New investments in oil and gas
The Court made clear that Shell’s planned investments in new oil and gas projects “may be at odds” with its standard of care. However, the question of whether Shell’s planned investments in new oil and gas fields are in violation of its standard of care was not at issue in the proceedings.
Scope 1 and 2 emissions
The Court recognized that Shell had committed to reducing its scope 1 and 2 emissions by 50% by 2030, exceeding Milieudefensie's sought reduction of 45%, and had already achieved a 31% reduction by 2023. On this basis, the Court concluded that Shell has already largely achieved, and has in place specific measures to achieve, its specific reduction targets for scope 1 and 2 emissions. With regard to scope 1 and 2, therefore, an impending violation of a legal obligation could not be established.
Scope 3 emissions
The Court found that Shell can be held accountable for scope 3 emissions, affirming that corporate responsibility extends to emissions from third parties, such as customers, under existing legal frameworks. However, it ruled that imposing a specific 45% reduction target on Shell by 2030 is inappropriate, given the global and sector-specific nature of emission pathways. The Court also found that such a mandate would be ineffective, as limiting Shell’s resale of fossil fuels – which constitute two-thirds of Shell’s scope 3 emissions – would not reduce overall emissions but merely shift them to other suppliers. The Court, citing the precautionary principle, denied Milieudefensie’s claims due to uncertainties about standards and awarded costs against them. However, the awarded amount is only a fraction of actual costs, based on a standardized scale.
Observations
It is important to note that the decision relies on a Dutch civil law principle that allowed the Court to draw heavily on so called “soft law” principles to inform an “unwritten standard of care”. The approaches that have previously been taken by Courts in other jurisdictions (including the US and the UK) suggest that such soft law principles are likely to carry less weight in other legal systems.
That said, the ruling reinforces a growing trend of holding companies accountable for their climate impact, potentially encouraging new claims against businesses and governments worldwide.

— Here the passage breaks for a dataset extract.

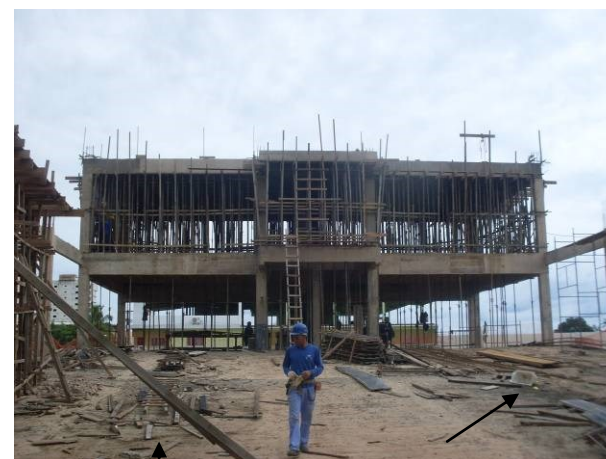
Foto 40- Operários trabalhando na execução de estrutura de concreto do auditório. Falta de limpeza do local.

In particular, the reaffirmation that companies must limit emissions may prompt more claims against businesses, not only in the oil and gas sector but also in the financial sector. Indeed, despite the ruling, Milieudefensie continues to pursue its previously announced case against a Dutch bank, seeking an injunction to reduce its emissions and demanding that the bank ceases working with companies lacking proper climate plans or expanding fossil fuel projects.
Further, the Court’s remarks about the potential conflict between Shell’s new oil and gas investments and its standard of care may encourage NGOs to bring future cases targeting such projects.
We may also see NGOs leverage the Court’s recognition of protection from climate change as a fundamental human right, which has gained traction since the 2019 Urgenda ruling.
Equally, however, and in the US in particular, we are seeing growing anti-ESG sentiment which is in direct tension with what we see in the Shell decision.
What next?
Milieudefensie has three months (i.e. until 12 February 2025) to appeal the judgment to the Dutch Supreme Court, but has not yet announced whether it will do so. At least at first blush, an appeal to the Supreme Court seems challenging, as the Supreme Court only reviews legal interpretation and reasoning, without allowing new facts or claims.